(Records drawn from a dataset)
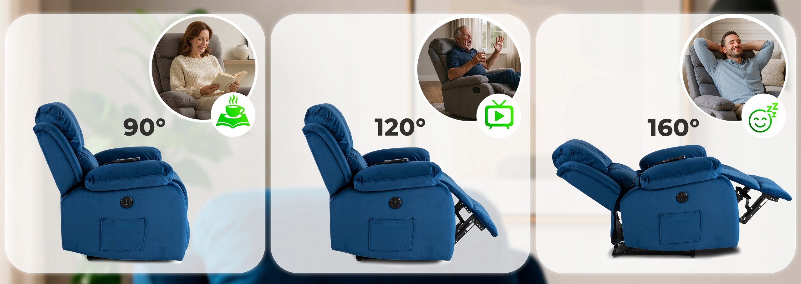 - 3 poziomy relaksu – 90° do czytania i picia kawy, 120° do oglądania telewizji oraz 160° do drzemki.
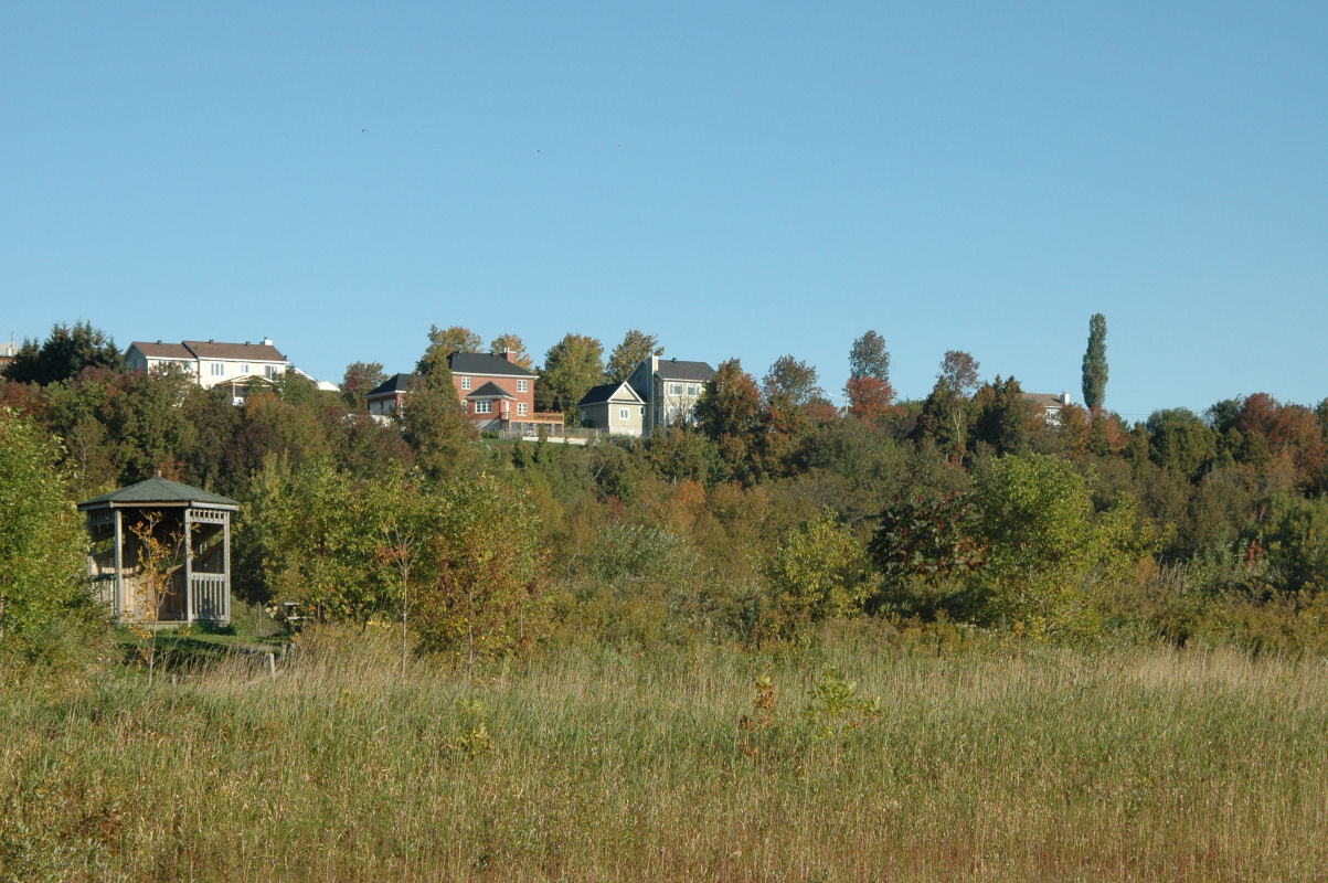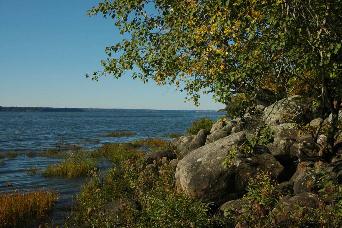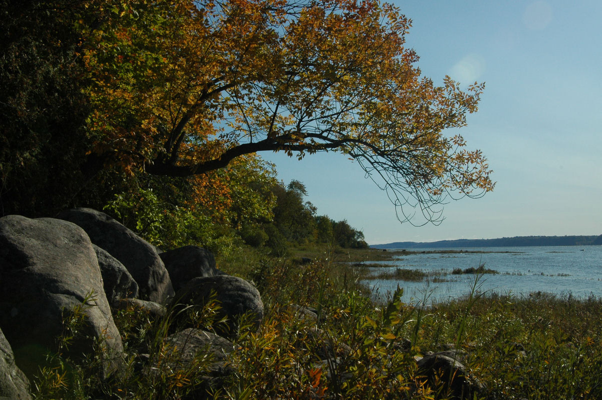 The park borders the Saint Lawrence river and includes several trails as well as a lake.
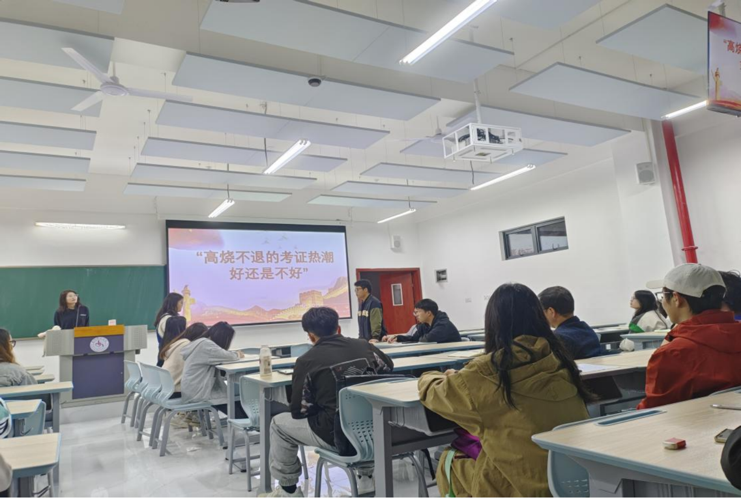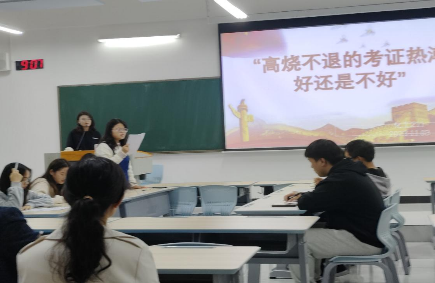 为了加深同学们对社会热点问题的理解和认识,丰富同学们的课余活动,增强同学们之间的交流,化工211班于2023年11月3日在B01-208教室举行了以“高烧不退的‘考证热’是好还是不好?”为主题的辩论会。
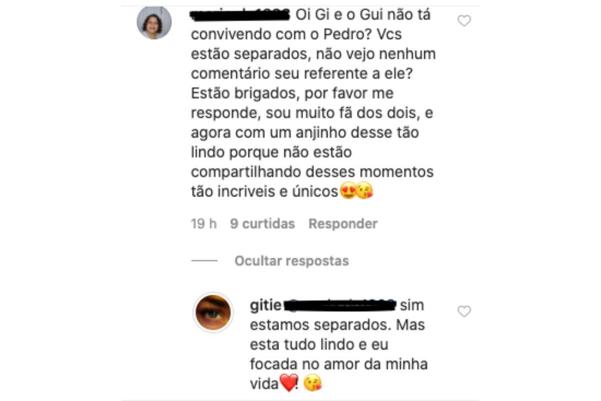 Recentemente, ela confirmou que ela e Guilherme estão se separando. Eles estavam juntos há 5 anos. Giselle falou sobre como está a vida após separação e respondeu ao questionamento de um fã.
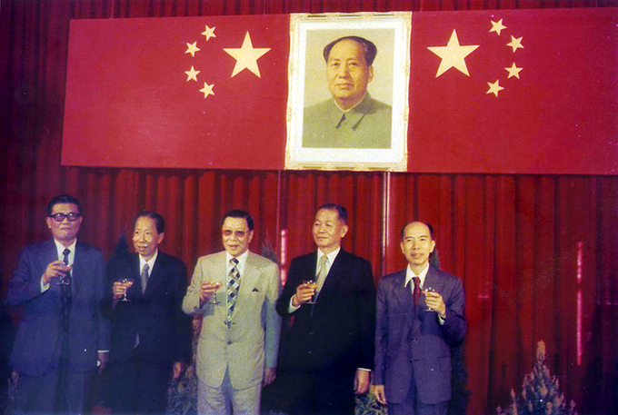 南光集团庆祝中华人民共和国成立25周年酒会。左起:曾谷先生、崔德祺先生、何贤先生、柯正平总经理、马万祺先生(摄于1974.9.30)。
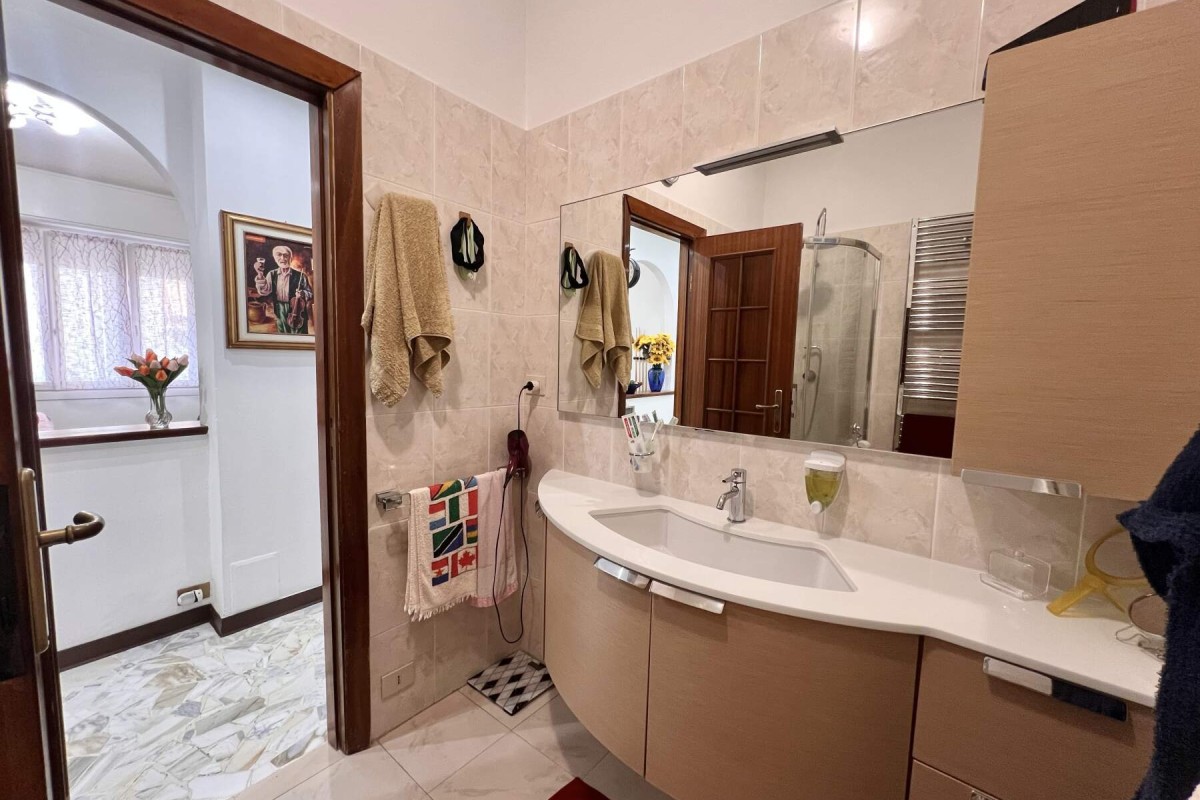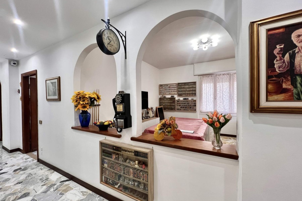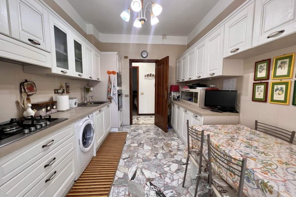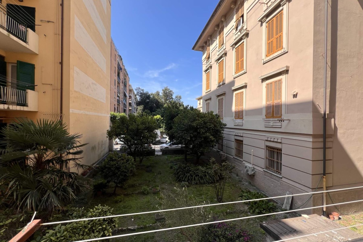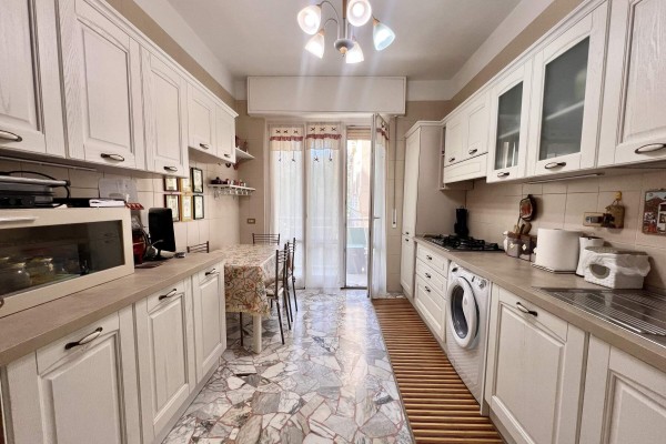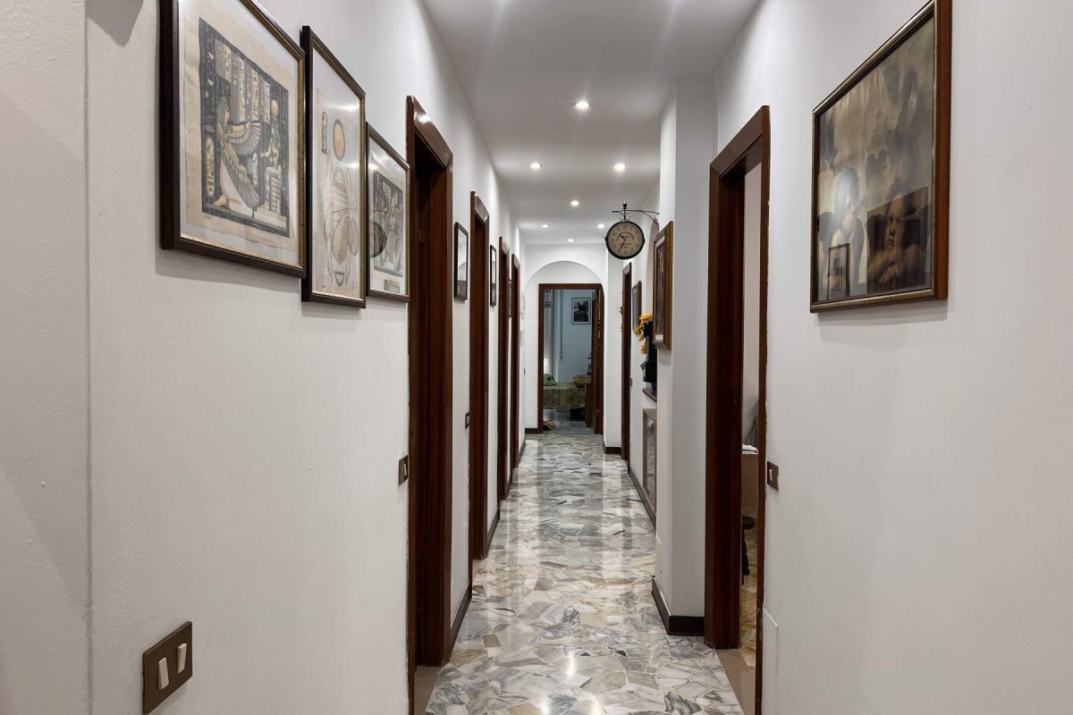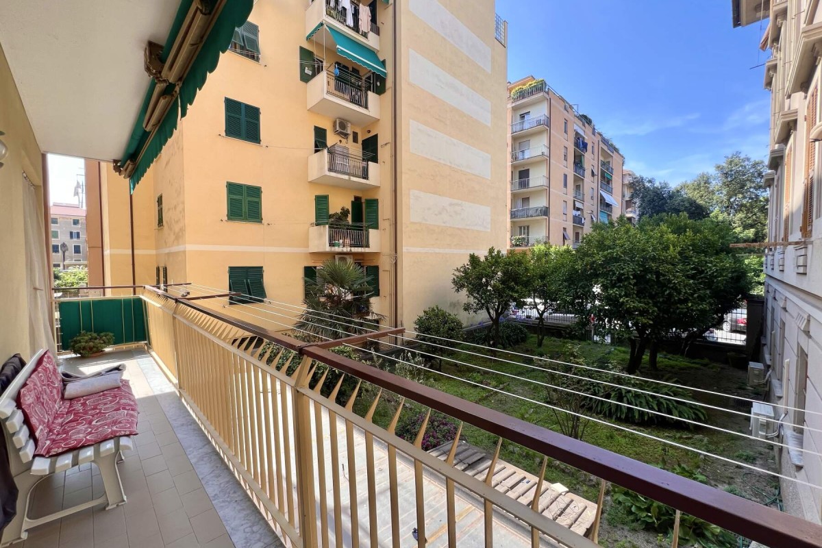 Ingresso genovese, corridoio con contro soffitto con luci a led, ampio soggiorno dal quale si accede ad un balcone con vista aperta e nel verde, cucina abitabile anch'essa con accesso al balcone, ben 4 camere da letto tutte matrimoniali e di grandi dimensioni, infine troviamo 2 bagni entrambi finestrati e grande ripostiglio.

=== AIM OF THE EXERCISE ===
Write the lines from the one with "The park borders" through the last line of the entries out again exactly, both ends included, and skip the pictures.

=== PROBLEM SOLUTION ===
 The park borders the Saint Lawrence river and includes several trails as well as a lake.
 为了加深同学们对社会热点问题的理解和认识,丰富同学们的课余活动,增强同学们之间的交流,化工211班于2023年11月3日在B01-208教室举行了以“高烧不退的‘考证热’是好还是不好?”为主题的辩论会。
 Recentemente, ela confirmou que ela e Guilherme estão se separando. Eles estavam juntos há 5 anos. Giselle falou sobre como está a vida após separação e respondeu ao questionamento de um fã.
 南光集团庆祝中华人民共和国成立25周年酒会。左起:曾谷先生、崔德祺先生、何贤先生、柯正平总经理、马万祺先生(摄于1974.9.30)。
 Ingresso genovese, corridoio con contro soffitto con luci a led, ampio soggiorno dal quale si accede ad un balcone con vista aperta e nel verde, cucina abitabile anch'essa con accesso al balcone, ben 4 camere da letto tutte matrimoniali e di grandi dimensioni, infine troviamo 2 bagni entrambi finestrati e grande ripostiglio.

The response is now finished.